Last Stone Weight II: A Leetcode Problem

Problem Link:

https://leetcode.com/problems/last-stone-weight-ii/

Prerequisites:

This article (and problem) assumes you are familiar with the following concepts:

• Dynamic Programming
• 0–1 Knapsack

If not, here are some useful resources:

• https://www.geeksforgeeks.org/0-1-knapsack-problem-dp-10/
• https://youtu.be/xCbYmUPvc2Q
• https://www.thelearningpoint.net/computer-science/algorithms-dynamic-programming---the-integer-knapsack-problem

Problem Statement:

We have a collection of rocks, each rock has a positive integer weight.

Each turn, we choose any two rocks and smash them together. Suppose the stones have weights x and y with x <= y. The result of this smash is:

• If x == y, both stones are totally destroyed;
• If x != y, the stone of weight x is totally destroyed, and the stone of weight y has new weight y-x.

At the end, there is at most 1 stone left. Return the smallest possible weight of this stone (the weight is 0 if there are no stones left.)

Example:

Before I begin explaining, let us look at the example given on Leetcode.

Input: [2,7,4,1,8,1]
Output: 1
Explanation: 
We can combine 2 and 4 to get 2 so the array converts to [2,7,1,8,1] then,
we can combine 7 and 8 to get 1 so the array converts to [2,1,1,1] then,
we can combine 2 and 1 to get 1 so the array converts to [1,1,1] then,
we can combine 1 and 1 to get 0 so the array converts to [1] then that's the optimal value.

Important Information:

To solve this problem, let’s first write out what we know.

• The difference between x and y is always positive (how can a stone have negative weight?).
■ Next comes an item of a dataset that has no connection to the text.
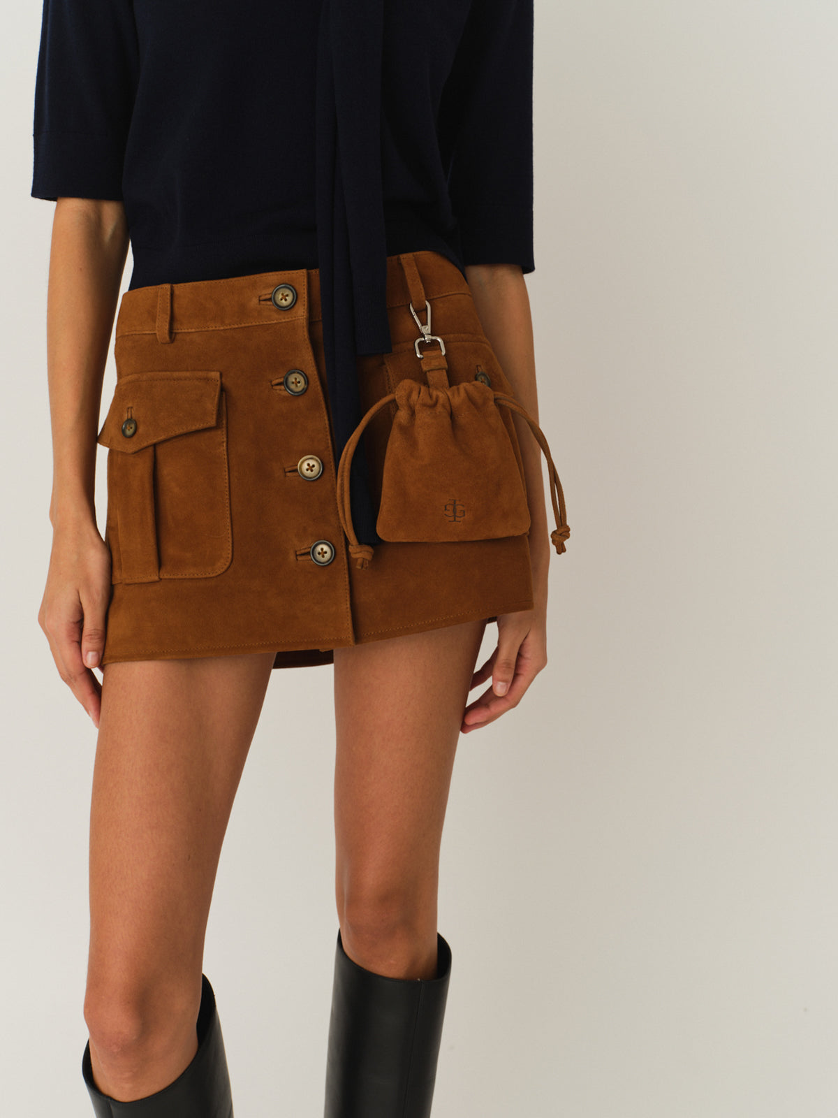 Dettagli e Vestibilità: • La modella indossa una taglia 6 UK • Composizione: 100% Goatskin suede • Colore: Hazelnut • SKU: 21795515 • Made in India

So this means y ≥ x.
• When x != y , we originally have Stones = [x, y, a, b, c] We remove x and y from Stones, and add in z = y — x. Stones now = [z, a, b, c] . Repeating this, we eventually get a final set, Stones’ = [Z] , where Z is final stone produced.

Out of the original set, we want to perform this operation in a way that gets us the most optimal Z. We can find the best Z by doing the above operation for every possible combination of stones, but that would take too long O(2^n).

A Better Way:

Let us go more in-depth on what was just explained. In the following example, assume that for each pair (x, y), y ≥ x.

Stones = [x, y, a, b, c]. Remove (x, y). Put in z = y - x
Stones = [z, a, b, c]. Remove (a, b). Put in d = b - a
Stones = [z, d, c]. Remove (d, c). Put in e = c - d
Stones = [z, e]. Remove (z, e) Put in add in Z = e - z
Stones = [Z].

Now, let us more explicitly define Z by tracing through the operations done.

Z = (z) - (e)
  = (z) - (d - c)
  = (z) - ((a - b) - c)
  = (x - y) - ((a - b) - c)
  = (x - y) -(a - b) + c
  = x - y - a + b + c
  = (x + b + c) - (y + a + c)
  
  = X - Y
     X = (x + b + c)
     Y = (y + a + c)

This shows us two formulas we can use.

S = X + Y

This formula just tells us that we can create two sets from Stones and the addition of their weights give us the total weight sum, S.

X - Y = D

This formula show us what we are trying to find. By creating two sets, we want their difference between them to be minimal.

And with some substitutions we can simplify and combine our formulas.

X - Y = D
X = D + Y
S = X + Y
S = D + Y + Y
S = D + 2Y
S - D = 2Y
(S - D) / 2 = Y

D at its most minimal is 0 (when X = Y). Let us plug in 0 for D.

S / 2 = Y

Minimizing D means maximizing Y so that it is as close to S/2 as possible.

Is this starting to sound familiar? We have an empty bag of elements with a max weight, and we want to maximize the bag’s value.

It’s sounding a lot of like 0-1 Knapsack, right?

That’s right. This problem is actually 0-1 Knapsack in disguise. We can let the sum of stone weights be our bag weight, and the stones be our values.

Algorithm and Code:

Given an array of stones of length n, we can create an (n x S) 2d array, dp.

Run through each item, i, from 1 to n-1. Run through each weight, j, from 1 to S/2.

For each cell, dp[i][j], we ask “what is the maximum Y I can have if I have at most weight j and I can only use stones up to i?”.

At the end, dp[n][s / 2] should hold the answer to our initial problem, “What is the maximum Y I can have with at most weight S/2?”.

Here is a Java implementation of what was described:

Conclusion:

I hope the article was helpful in showing how one should approach a problem that seems confusing initially. It is important to think of all information given and how to use it to reduce the problem to one that you already know.

I also hope it provided a useful exercise and addition for your dynamic programming toolkit.